WORK TO COMPLETE: Only the pictures are to be dropped; return all other data below exactly.

GIVEN DATA:
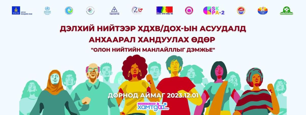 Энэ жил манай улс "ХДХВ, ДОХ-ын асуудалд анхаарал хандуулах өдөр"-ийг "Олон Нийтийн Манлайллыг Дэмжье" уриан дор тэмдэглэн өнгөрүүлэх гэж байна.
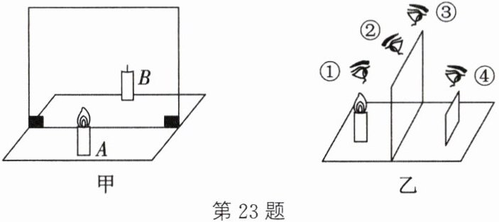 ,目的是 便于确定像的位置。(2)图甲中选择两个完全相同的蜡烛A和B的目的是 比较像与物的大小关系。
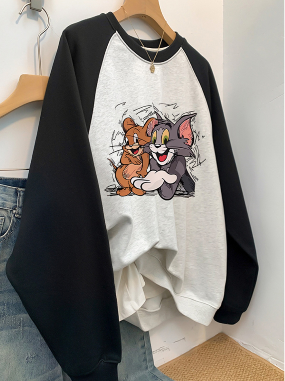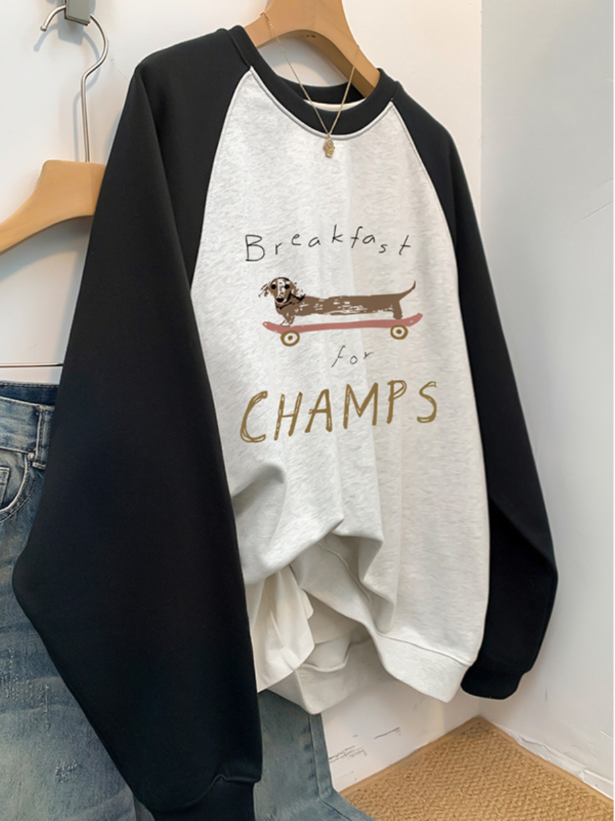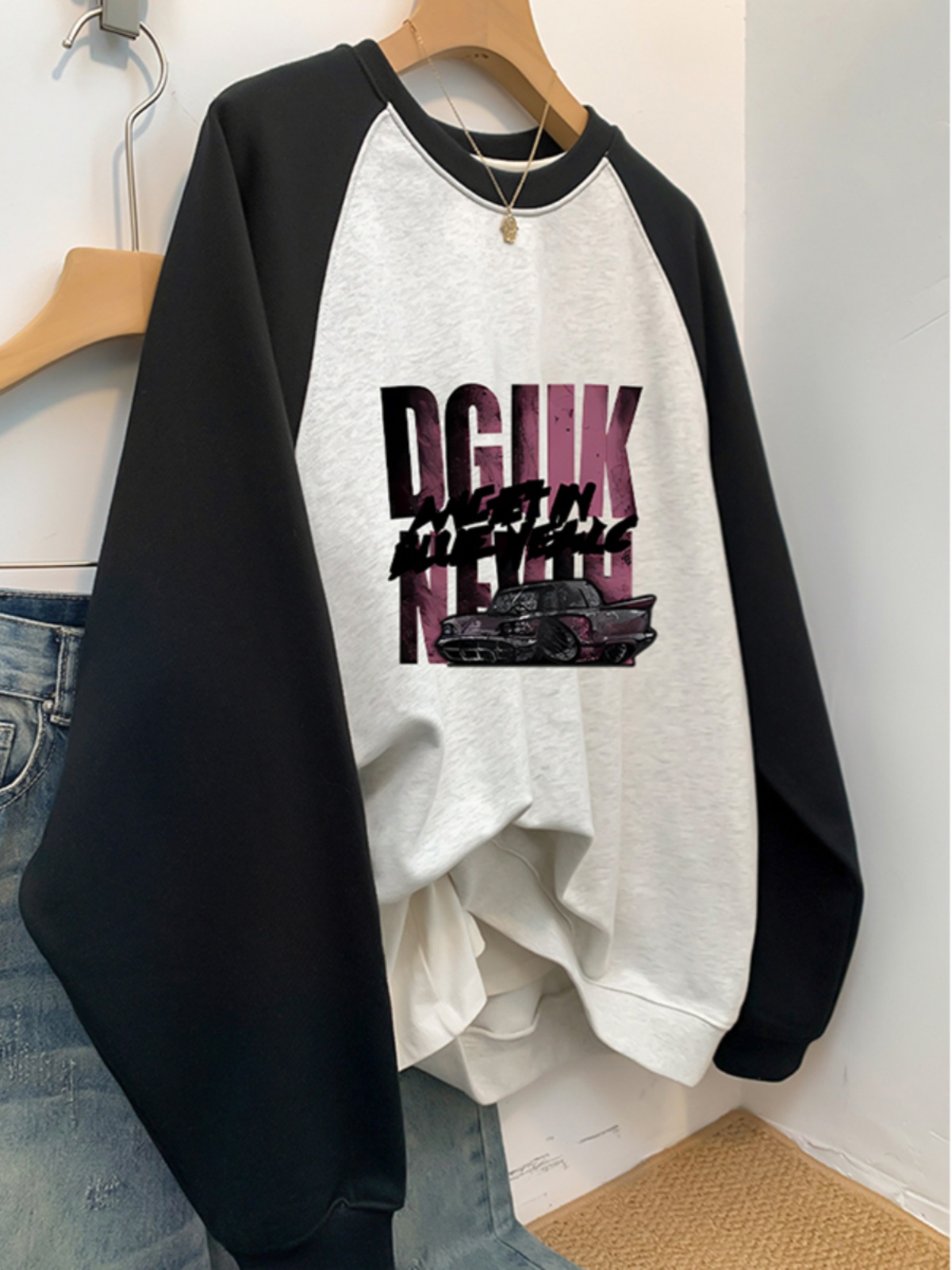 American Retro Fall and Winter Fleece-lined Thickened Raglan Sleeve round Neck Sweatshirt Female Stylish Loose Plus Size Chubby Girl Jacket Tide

RESPONSE BOX:
 Энэ жил манай улс "ХДХВ, ДОХ-ын асуудалд анхаарал хандуулах өдөр"-ийг "Олон Нийтийн Манлайллыг Дэмжье" уриан дор тэмдэглэн өнгөрүүлэх гэж байна.
 ,目的是 便于确定像的位置。(2)图甲中选择两个完全相同的蜡烛A和B的目的是 比较像与物的大小关系。
 American Retro Fall and Winter Fleece-lined Thickened Raglan Sleeve round Neck Sweatshirt Female Stylish Loose Plus Size Chubby Girl Jacket Tide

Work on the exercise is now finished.